Working in innovative ways to speed up drug development
MSF is supporting the push to accelerate the development of new drugs for patients with drug resistant TB. International experts have proposed carrying out drug trials in drug-resistant patients through an innovative trial design that could deliver new treatments for DR patients more quickly. At present the main strategy for drug development is to generate a completely new regimen. This won't happen within a decade. That's too late for the nearly half a million new patients with drug-resistant TB that emerge each year.
No Time to Wait
At a conference hosted by MSF in New York in 2007, participants underlined the urgency of developing new tools to meet the challenge TB poses to global health and set out a number of demands to ensure that TB research receives the attention and funding it desperately needs.

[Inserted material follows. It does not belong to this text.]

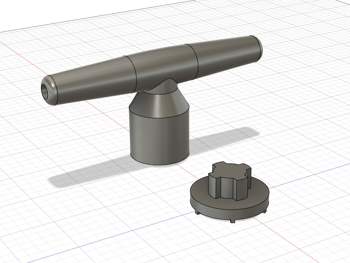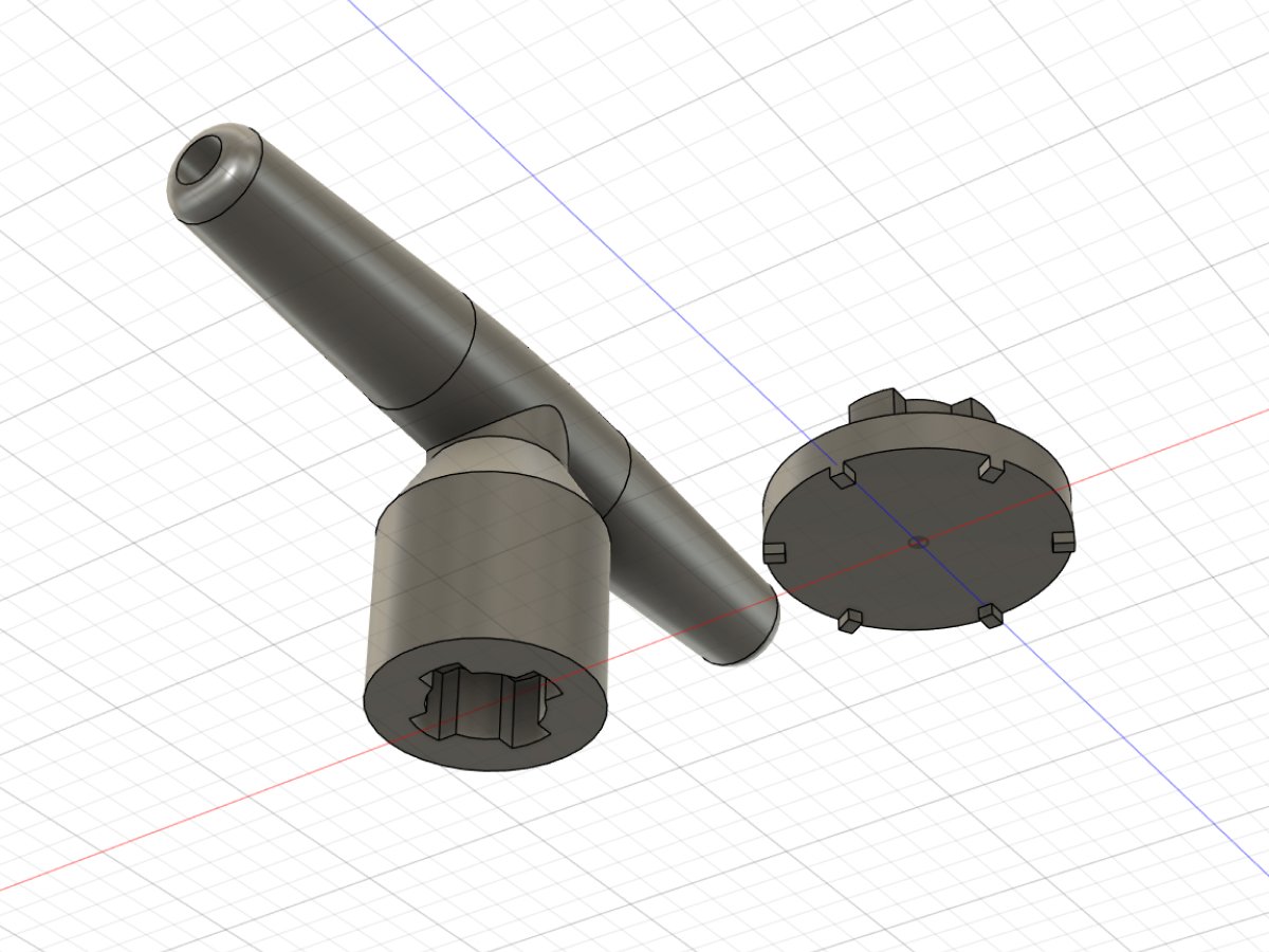 This is a handle and an opener I designed just to get the idea started. The openers are meant to be interchangeable, so they can be swapped out if damaged or used for different watches. They can be press fit into the handle, which should be doable even with loose tolerances. I'm also aware that the handle joint will not be the strongest, but it's just an idea that may change a lot in later revisions.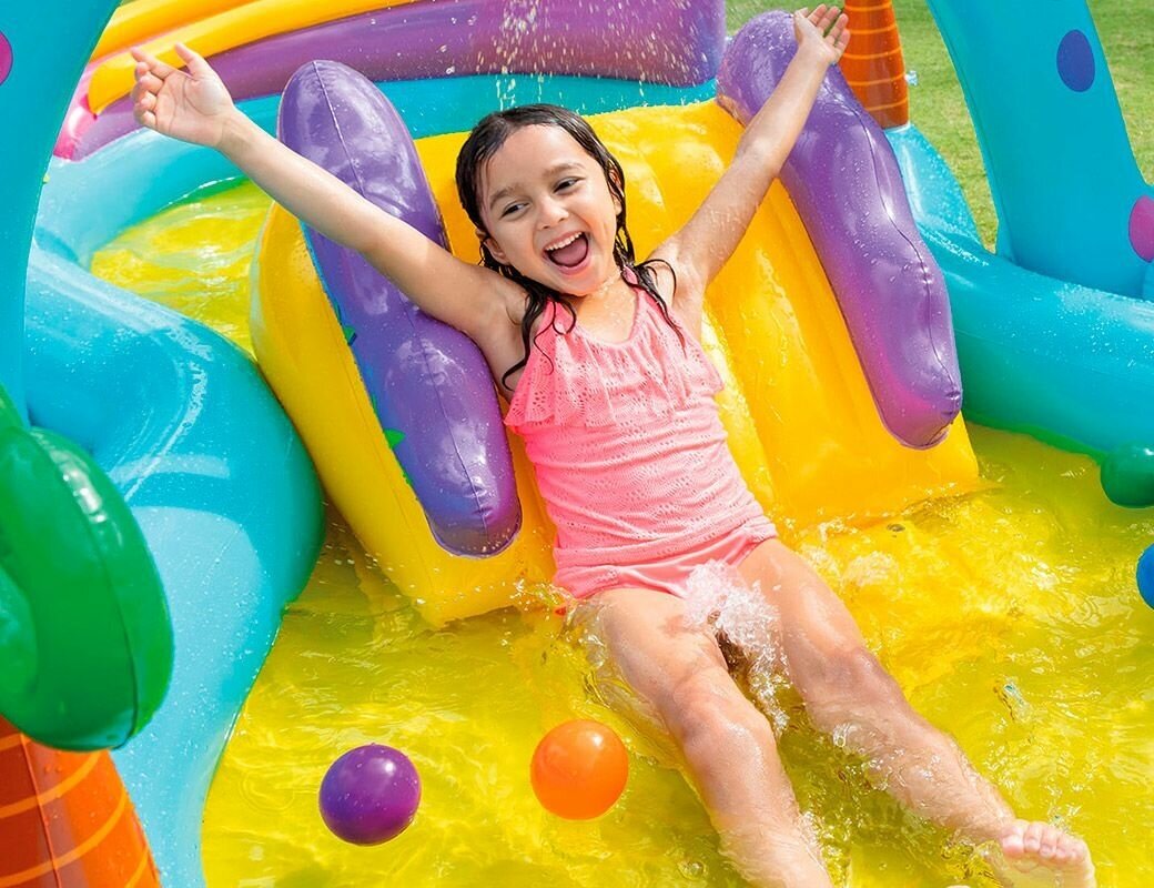 Игровой центр-бассейн Dinoland, с горкой, распылит., игрушками 302х229х112см от 2 лет

Summary of demands from NY conference
Around $900 million needs to be invested annually in the development of new tools for TB, but only $206 million was invested in 2005, and the funding gap is expected to widen over time.
IGWG - the way forward ?
TB research has suffered chronic neglect for many years. It's estimated there's an annual shortfall of US$800 million dollars a year. MSF is supporting the negotiations underway at the WHO aimed at changing the present R&D profit-driven paradigm to one which targets research towards diseases that affect those most in need in developing countries. The Intergovernmental Working Group (IGWG) is due to conclude this process in May 2008.